Segment Start: Dataset content

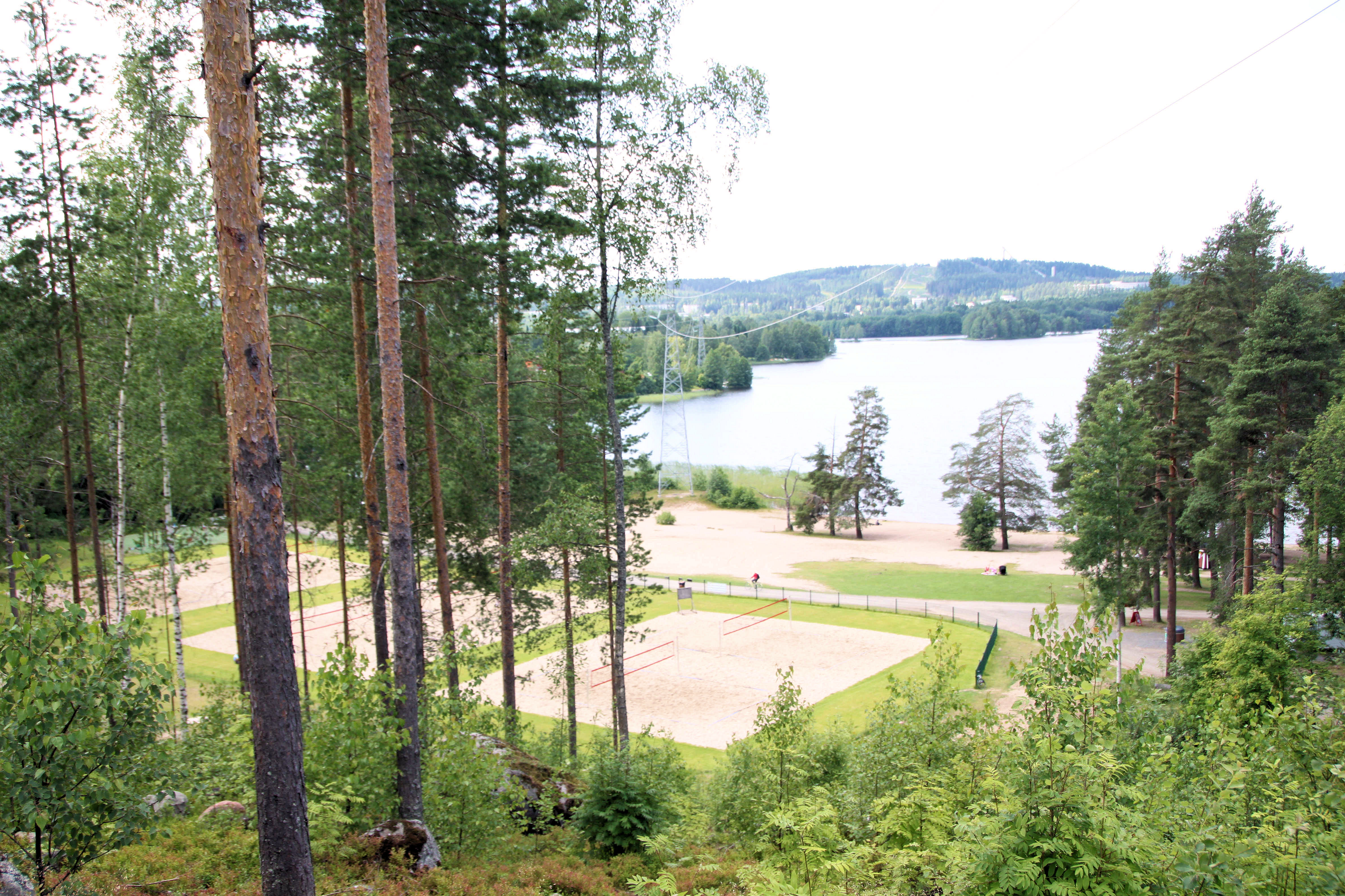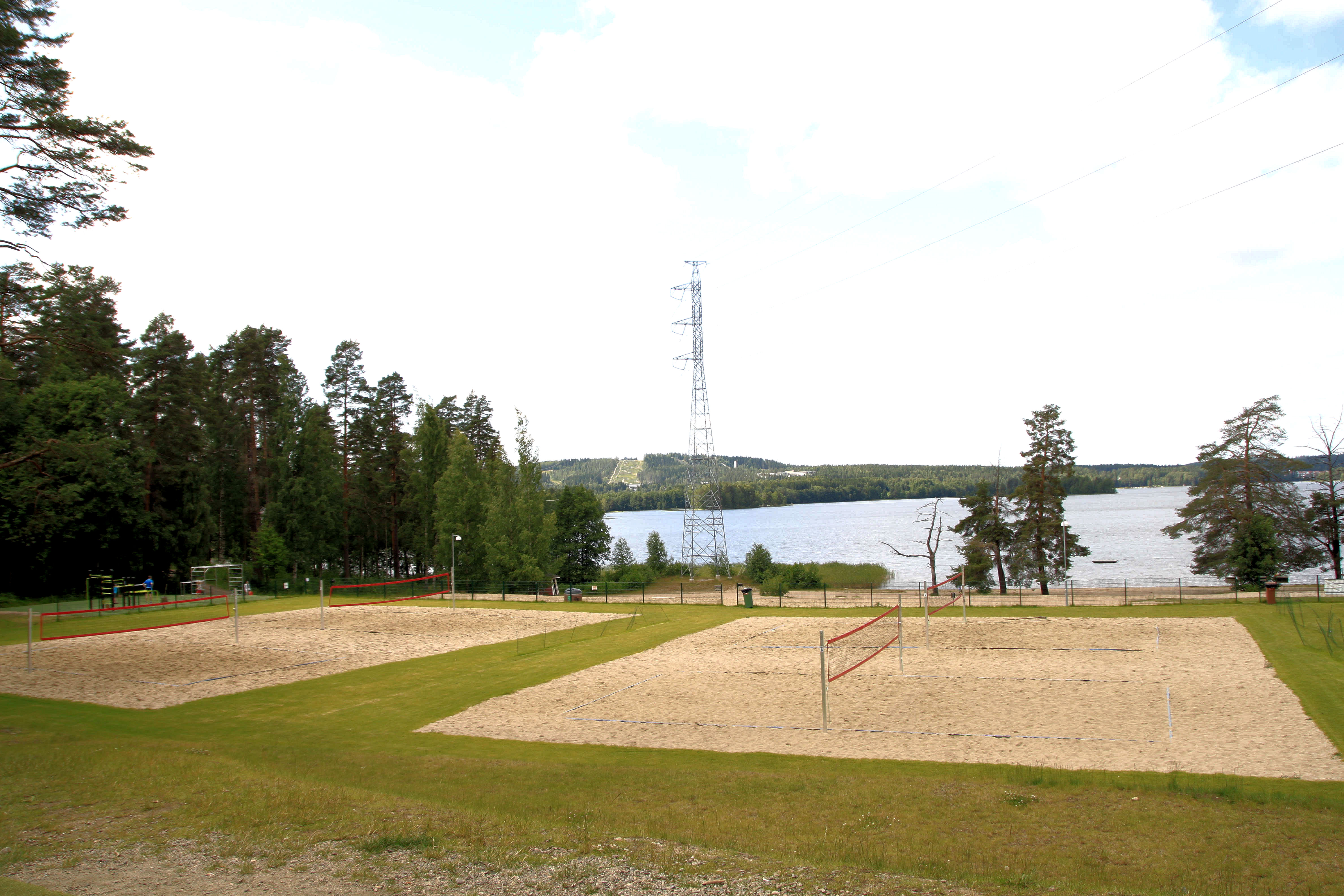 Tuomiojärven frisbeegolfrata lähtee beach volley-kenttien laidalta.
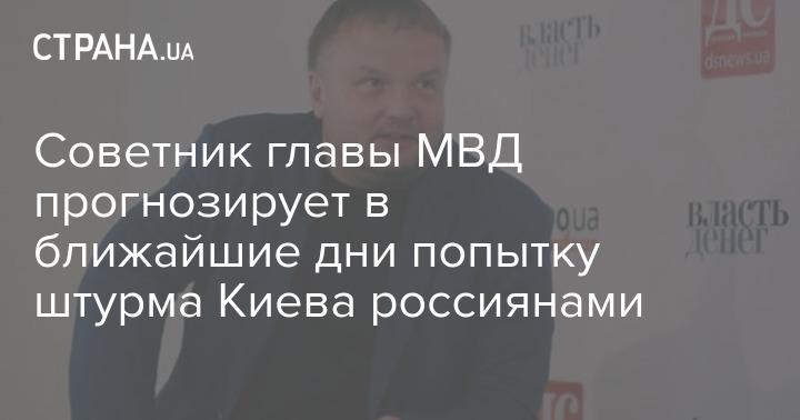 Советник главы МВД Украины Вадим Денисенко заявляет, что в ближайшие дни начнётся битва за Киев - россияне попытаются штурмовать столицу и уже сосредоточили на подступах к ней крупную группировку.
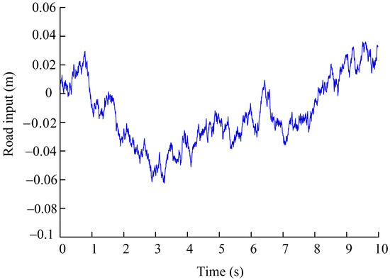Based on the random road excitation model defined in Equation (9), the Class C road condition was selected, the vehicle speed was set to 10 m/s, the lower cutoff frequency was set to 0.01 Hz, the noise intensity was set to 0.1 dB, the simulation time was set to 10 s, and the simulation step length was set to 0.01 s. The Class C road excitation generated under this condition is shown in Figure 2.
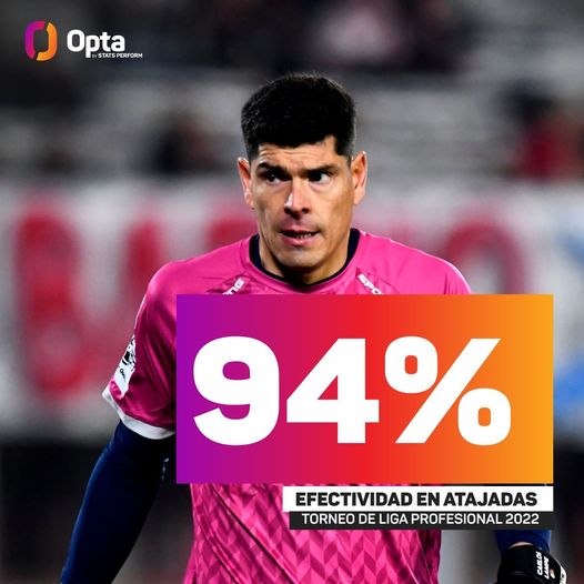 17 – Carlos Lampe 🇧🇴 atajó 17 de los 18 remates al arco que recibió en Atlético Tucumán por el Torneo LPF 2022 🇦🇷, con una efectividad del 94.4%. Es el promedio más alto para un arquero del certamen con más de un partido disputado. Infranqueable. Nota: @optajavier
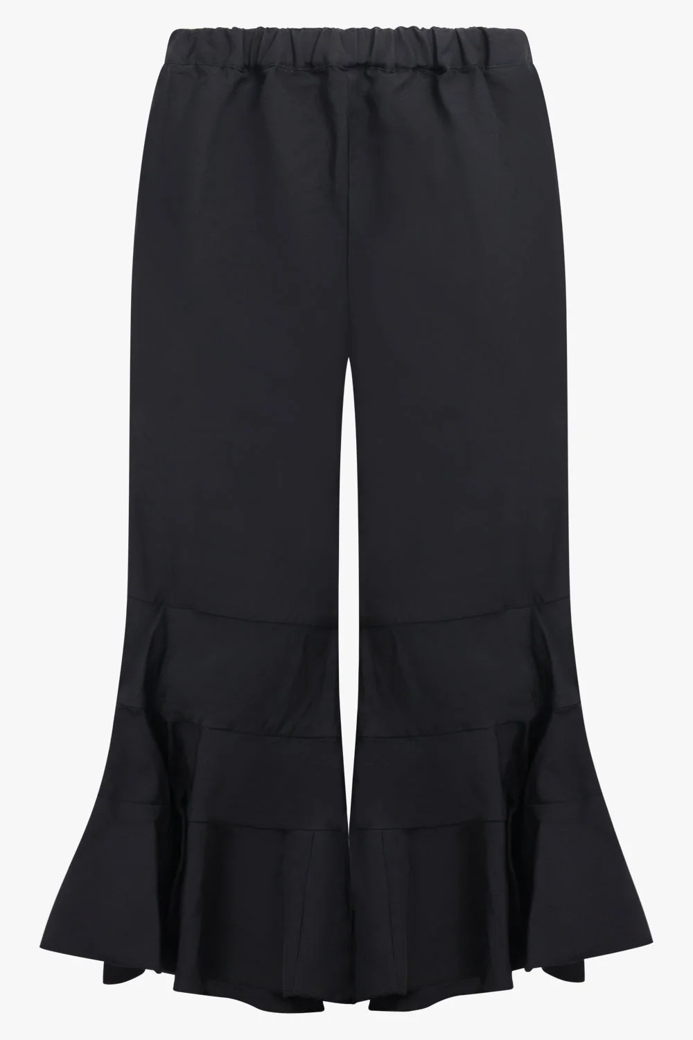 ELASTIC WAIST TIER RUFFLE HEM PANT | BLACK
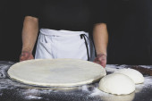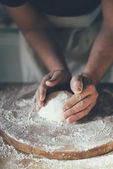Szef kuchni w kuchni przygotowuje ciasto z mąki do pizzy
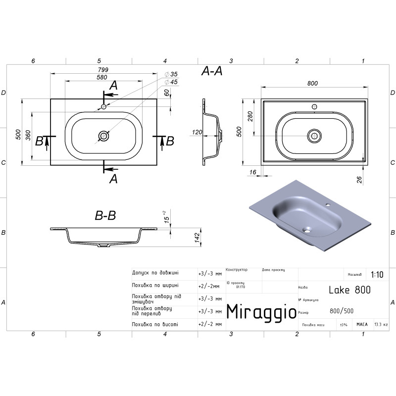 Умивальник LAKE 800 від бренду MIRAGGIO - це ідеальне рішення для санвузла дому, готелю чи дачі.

Segment End: Dataset content

Instructions to follow —
Only an exact copy of the lines from the one with "17 – Carlos" through the last line of the data above is wanted, and no pictures.

Answer to this exercise —
 17 – Carlos Lampe 🇧🇴 atajó 17 de los 18 remates al arco que recibió en Atlético Tucumán por el Torneo LPF 2022 🇦🇷, con una efectividad del 94.4%. Es el promedio más alto para un arquero del certamen con más de un partido disputado. Infranqueable. Nota: @optajavier
 ELASTIC WAIST TIER RUFFLE HEM PANT | BLACK
Szef kuchni w kuchni przygotowuje ciasto z mąki do pizzy
 Умивальник LAKE 800 від бренду MIRAGGIO - це ідеальне рішення для санвузла дому, готелю чи дачі.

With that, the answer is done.